> _YOUR GOAL_:
A complete answer includes every line below with the word "print".

** Opening DATA IN THIS EXERCISE block **

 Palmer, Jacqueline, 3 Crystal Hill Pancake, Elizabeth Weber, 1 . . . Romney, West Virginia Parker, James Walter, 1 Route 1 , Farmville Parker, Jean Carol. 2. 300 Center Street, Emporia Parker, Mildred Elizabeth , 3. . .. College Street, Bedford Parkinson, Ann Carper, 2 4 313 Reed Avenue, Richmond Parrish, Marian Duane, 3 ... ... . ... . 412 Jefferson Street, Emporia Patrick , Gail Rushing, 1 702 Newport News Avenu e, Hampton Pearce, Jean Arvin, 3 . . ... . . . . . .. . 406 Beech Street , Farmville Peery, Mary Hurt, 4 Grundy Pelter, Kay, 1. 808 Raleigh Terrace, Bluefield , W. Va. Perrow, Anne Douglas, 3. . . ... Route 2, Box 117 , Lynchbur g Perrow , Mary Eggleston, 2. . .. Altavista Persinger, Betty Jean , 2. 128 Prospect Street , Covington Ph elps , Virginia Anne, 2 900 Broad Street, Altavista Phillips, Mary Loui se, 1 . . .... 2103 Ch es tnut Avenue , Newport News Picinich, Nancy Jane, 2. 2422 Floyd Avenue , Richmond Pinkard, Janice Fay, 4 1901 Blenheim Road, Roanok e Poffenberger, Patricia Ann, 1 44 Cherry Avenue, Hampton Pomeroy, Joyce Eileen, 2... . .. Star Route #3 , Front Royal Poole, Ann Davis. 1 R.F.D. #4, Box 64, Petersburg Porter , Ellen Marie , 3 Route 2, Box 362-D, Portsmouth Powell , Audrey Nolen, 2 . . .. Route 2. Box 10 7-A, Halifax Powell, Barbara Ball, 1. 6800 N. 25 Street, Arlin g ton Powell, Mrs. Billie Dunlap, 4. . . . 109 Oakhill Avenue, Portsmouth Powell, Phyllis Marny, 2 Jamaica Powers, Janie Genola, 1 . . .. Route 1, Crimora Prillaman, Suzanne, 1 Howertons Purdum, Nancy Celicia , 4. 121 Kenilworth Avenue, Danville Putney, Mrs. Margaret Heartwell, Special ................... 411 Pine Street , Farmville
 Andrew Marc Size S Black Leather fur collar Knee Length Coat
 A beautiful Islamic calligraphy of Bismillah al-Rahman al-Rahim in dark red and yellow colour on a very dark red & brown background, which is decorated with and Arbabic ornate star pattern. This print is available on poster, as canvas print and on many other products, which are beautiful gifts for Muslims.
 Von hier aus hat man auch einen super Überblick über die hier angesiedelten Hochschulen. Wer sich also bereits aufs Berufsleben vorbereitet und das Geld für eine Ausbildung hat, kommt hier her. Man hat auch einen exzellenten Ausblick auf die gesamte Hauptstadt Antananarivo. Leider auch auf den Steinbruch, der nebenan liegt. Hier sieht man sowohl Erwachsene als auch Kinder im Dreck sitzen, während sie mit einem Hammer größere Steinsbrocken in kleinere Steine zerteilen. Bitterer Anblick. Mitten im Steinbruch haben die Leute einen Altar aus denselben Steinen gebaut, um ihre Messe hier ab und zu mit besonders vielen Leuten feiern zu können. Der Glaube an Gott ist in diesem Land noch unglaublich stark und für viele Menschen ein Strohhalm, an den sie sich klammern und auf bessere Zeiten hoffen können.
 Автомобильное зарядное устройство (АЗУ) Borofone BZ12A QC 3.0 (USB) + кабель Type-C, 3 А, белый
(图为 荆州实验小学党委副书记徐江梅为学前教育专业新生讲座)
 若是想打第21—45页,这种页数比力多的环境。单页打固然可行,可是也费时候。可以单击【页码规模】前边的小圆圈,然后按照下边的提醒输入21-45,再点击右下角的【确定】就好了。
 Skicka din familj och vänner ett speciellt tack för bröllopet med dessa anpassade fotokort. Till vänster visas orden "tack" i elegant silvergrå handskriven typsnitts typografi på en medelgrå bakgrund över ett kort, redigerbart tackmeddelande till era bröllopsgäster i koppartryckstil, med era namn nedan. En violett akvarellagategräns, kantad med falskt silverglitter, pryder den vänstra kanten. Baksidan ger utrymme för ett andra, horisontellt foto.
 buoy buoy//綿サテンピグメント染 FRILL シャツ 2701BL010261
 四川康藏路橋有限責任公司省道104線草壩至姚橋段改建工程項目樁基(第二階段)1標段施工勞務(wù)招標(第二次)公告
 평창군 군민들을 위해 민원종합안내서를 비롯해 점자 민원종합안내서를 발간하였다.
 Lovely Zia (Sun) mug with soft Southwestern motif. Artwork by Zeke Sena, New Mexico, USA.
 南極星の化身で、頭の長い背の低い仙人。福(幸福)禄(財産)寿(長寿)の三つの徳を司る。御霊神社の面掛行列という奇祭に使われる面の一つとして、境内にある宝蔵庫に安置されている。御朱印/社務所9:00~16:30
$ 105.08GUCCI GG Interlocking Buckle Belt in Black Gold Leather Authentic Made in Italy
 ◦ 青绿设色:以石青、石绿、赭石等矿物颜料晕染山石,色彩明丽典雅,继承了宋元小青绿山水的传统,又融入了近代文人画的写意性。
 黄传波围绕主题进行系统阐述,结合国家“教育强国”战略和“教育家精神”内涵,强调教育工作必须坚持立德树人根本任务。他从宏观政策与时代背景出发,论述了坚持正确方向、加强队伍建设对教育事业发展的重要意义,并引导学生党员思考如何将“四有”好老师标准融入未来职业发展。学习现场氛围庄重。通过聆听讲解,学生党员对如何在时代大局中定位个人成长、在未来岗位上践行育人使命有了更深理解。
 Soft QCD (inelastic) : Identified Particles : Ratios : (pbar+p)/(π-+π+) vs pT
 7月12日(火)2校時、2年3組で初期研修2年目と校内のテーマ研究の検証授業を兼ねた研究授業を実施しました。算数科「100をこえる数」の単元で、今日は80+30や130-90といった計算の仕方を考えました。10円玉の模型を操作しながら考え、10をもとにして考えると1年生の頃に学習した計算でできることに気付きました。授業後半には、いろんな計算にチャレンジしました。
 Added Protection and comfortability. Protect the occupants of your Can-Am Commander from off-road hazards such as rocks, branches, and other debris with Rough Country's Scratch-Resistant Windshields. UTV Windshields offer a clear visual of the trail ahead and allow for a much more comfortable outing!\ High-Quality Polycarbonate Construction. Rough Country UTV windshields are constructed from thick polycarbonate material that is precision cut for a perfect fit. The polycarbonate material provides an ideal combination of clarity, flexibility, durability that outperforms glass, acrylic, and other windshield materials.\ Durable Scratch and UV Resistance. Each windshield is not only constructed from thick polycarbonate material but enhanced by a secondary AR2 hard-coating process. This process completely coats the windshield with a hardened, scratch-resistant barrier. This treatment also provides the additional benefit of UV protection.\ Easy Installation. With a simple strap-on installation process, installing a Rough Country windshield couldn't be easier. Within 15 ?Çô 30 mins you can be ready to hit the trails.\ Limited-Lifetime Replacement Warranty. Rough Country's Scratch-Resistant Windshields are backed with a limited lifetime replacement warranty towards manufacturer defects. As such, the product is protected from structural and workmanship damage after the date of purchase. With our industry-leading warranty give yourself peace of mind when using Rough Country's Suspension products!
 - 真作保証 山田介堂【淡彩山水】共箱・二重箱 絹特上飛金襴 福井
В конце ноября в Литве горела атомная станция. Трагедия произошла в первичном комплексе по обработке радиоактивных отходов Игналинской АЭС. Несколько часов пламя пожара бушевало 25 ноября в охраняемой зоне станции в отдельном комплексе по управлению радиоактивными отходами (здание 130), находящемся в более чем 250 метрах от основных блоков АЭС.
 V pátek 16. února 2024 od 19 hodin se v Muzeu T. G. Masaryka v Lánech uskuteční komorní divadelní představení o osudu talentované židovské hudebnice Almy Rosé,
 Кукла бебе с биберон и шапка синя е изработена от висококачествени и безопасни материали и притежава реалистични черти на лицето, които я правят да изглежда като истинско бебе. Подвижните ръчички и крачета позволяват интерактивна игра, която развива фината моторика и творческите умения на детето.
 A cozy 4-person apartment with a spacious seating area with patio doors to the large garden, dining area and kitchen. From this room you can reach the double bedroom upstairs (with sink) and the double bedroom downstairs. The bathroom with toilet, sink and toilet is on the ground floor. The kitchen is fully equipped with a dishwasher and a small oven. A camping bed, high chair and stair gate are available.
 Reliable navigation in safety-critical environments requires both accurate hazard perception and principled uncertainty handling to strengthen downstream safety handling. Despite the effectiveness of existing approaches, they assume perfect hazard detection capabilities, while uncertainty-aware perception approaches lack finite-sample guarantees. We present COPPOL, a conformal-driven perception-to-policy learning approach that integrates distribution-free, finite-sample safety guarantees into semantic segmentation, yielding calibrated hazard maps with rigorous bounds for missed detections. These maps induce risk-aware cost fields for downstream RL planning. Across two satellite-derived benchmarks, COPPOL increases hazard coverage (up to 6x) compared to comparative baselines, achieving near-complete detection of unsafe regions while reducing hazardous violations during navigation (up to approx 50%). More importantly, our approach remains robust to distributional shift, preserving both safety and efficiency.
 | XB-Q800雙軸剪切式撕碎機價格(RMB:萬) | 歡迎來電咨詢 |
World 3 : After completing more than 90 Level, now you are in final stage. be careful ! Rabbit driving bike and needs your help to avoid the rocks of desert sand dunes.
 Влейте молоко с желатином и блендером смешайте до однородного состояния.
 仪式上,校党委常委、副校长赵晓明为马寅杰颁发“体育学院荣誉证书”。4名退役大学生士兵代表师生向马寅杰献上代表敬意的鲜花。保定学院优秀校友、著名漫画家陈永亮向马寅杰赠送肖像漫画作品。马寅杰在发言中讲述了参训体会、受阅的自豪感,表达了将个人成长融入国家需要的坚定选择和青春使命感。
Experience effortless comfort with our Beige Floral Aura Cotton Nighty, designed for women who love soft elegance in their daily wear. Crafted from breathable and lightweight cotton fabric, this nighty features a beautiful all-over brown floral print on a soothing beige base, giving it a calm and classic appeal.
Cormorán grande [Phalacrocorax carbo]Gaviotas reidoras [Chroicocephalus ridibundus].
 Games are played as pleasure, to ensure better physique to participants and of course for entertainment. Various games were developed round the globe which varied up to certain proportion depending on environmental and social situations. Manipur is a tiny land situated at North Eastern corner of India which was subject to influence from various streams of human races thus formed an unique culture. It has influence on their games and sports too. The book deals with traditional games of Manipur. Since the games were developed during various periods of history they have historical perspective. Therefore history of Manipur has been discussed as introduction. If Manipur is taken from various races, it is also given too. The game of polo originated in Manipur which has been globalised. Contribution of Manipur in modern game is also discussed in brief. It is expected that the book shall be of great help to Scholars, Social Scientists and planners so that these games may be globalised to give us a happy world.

** Closing DATA IN THIS EXERCISE block **

> _SOLUTION FOR THIS EXERCISE_:
 A beautiful Islamic calligraphy of Bismillah al-Rahman al-Rahim in dark red and yellow colour on a very dark red & brown background, which is decorated with and Arbabic ornate star pattern. This print is available on poster, as canvas print and on many other products, which are beautiful gifts for Muslims.
Experience effortless comfort with our Beige Floral Aura Cotton Nighty, designed for women who love soft elegance in their daily wear. Crafted from breathable and lightweight cotton fabric, this nighty features a beautiful all-over brown floral print on a soothing beige base, giving it a calm and classic appeal.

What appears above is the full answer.